Create the Experience you’d Like to Have


  Five Star thinking

It's a simple idea, isn't it? So why is it so hard to do? Well, for one we're not our client. We're someone's client, and many scenarios come to mind. Service situation? Communication disconnect? Can't find what you're looking for?

    We all live in specific worlds and problems. We all use search to find many of the things we want, even when we don't buy online. We also pay attention to the recommendations of others. I recorded some thoughts on finding gold nuggets in online reviews with Target Marketing a couple of years ago.

    Research helps you understand how people view value in products. It also helps you see where existing advice and communication are falling short.

    There are as many problems in search of solutions as solutions for the problems we have online. This is a huge opportunity for people who work on content production and optimization, for technologists who work on products, social media and community builders, innovation and brand people. The list goes on.

    Some of these areas of the business are interrelated.

It's summer, so how about travel advice?

    Every time I research a travel destination I come across an avalanche of information. I end up making a patchwork of advice and writing my own itinerary. I've been working on a side passion projects for the past several weeks. It's something that had been on the back burner forever.

    So shhhh, it's not official yet. But it involves travel and food — two of my favorite activities. it's more than that, though. I'm one of the crazy ones who thinks building bridges is a much better value proposition that erecting walls.

    That aside, I was pleased to see an opinion article on the NYT that offered a simple spreadsheet# to build an itinerary in Google docs. This is what I'm talking about. You can take it a few steps further — specific things that people who like cycling tours do, for example.

    How many people are there? Maybe more than you think.

Do you want to be everywhere, or where it matters?

    That was a simple move by the NYT, and I can see there are 65-68 people online looking at the doc at any one time. It signals definite interest, otherwise why bother. Our job in any business is to understand our clients better so we can continue to deliver value.

    It's word of the obvious, but being where the people you want to serve are, even if it's just listening and not marketing there (in favor of higher value channels), can help you serve existing clients better. If they're still buying from you, they're likely happy or content in some ways. They might not tell you which ones.

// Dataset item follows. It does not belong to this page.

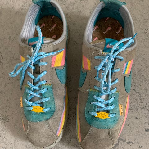 Skoene er i pæn brugt stand med let slid på sålerne.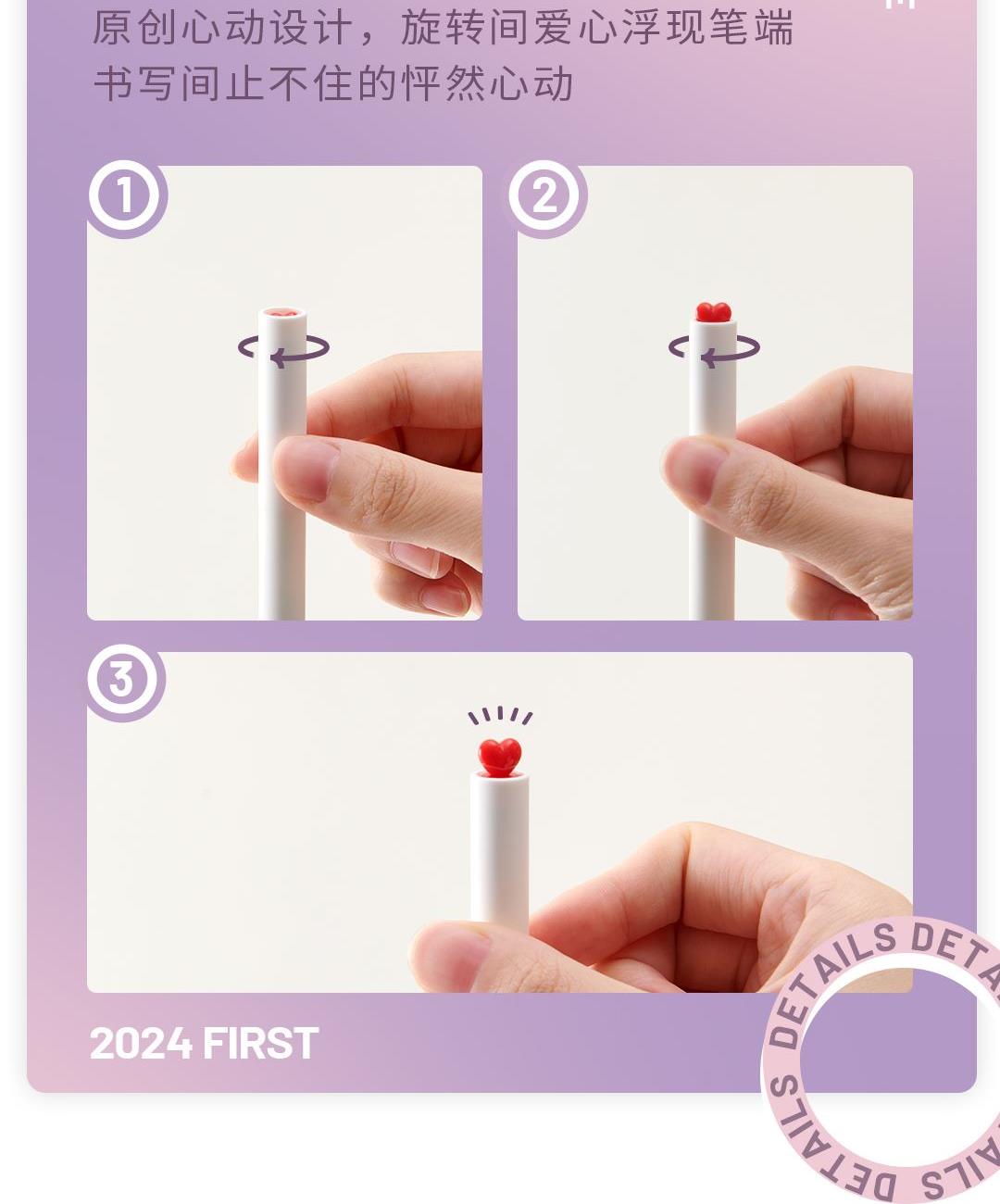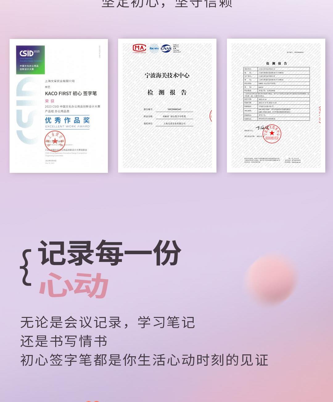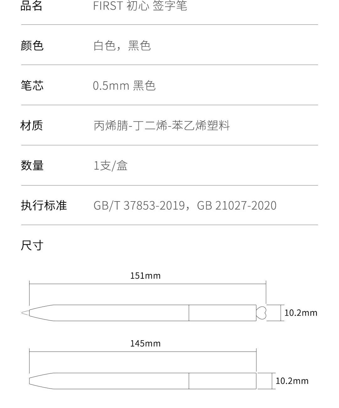 尺 寸:151*10.2mm 材 质:丙烯腈-丁二烯-苯乙烯塑料 外观颜色:黑色/白色/浅蓝色/浅橙色 1、原创设计,一笔旋转出芯,蕴含心动巧思创意。 2、采用KEFILL 双珠笔芯,书写流畅顺滑,不易断墨。 3、大容量速干墨水,书写长度约600米,落笔速干。 4、赠2支同款笔芯,记录心动时刻,满足日常书写。 定制工艺:笔身印刷Logo 打样周期:3-5天 货 期:7-10天发货(不含重大法定假日) 包装方式:彩盒(内含初心笔*1,替换笔芯*2)

    Listening helps you identify things you had not thought about and could add value. You can learn a lot that you might not be able to use right away. However, it can help you see patterns or holes in current services.

    Sometimes, we put so much focus on what we say — or in digital terms what we produce and share — and not enough into what's happening with prospects and clients. What they say and do, especially when not on our web site.

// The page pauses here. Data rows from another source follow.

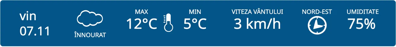 Potrivit Serviciului Hidrometeorologic de Stat, vântul va sufla din nord-est și va avea o viteză de 3-9 km/h. Umiditatea aerului va fi de 75%, transmite Ultimelestiri.md.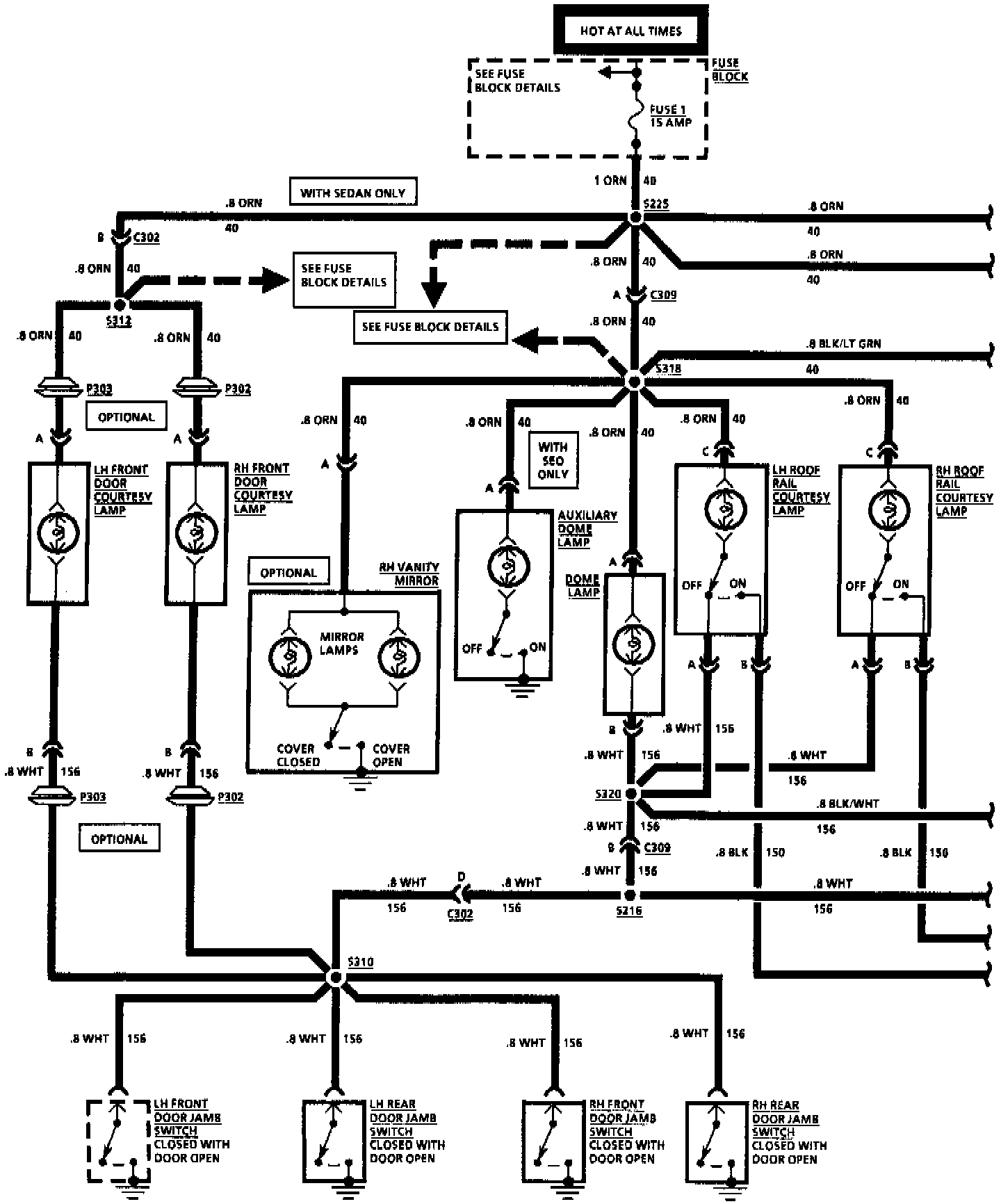 Interior Lights: Courtesy/Reading,Dome,RH Vanity Mirror Lights,Underhood Lamp: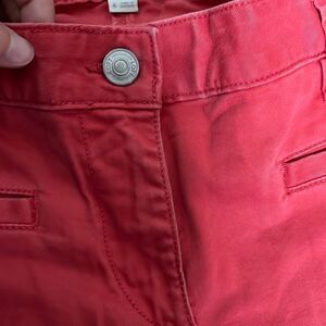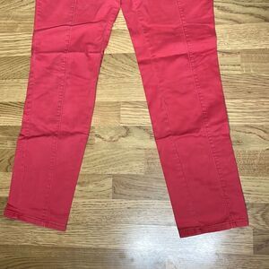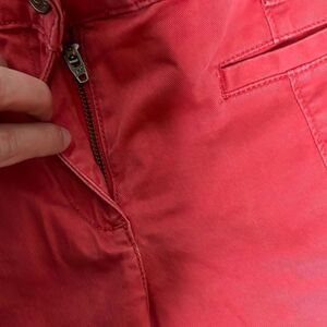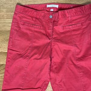 Straight leg size 6 faded red colored trousers by LOFT. With functional front button and zipper closure. These are great for work or everyday wear. The trousers are in excellent used condition with no known flaws. Comes from a smoke free home.

Not enough hours in the day

    I get it. Some of these things are simple to do. If only our plate was less full, or we had a budget to undertake a — you name it, new segmentation study, customer survey, rebrand. Those are all great initiatives that will give you a leg up longer term as appropriate to your situation.

    Short term, you can do more than you suspect. Have you put in place a process to gather feedback continuously? To test and improve your communications as you go? To provide more useful tools to clients regularly?

    Do you have someone who gets your business model and brand voice quickly and can pitch in — do the work, some qualitative research, writing, help sharpen your point of view, coach your team?

    Noticing where the market falls short is super useful. But not being able to fill that void with value on a timely basis means saying goodbye to opportunity. Digital and technology have not changed the rules on business plans and marketing — you still need to make a profit.

    It has created more opportunity to solve problems than you have time for — some of those problems are worth understanding and solving. You could be validating ideas, researching questions, finding creative solutions to help you tell a better story. You can do that by getting to what I call, “five start thinking.”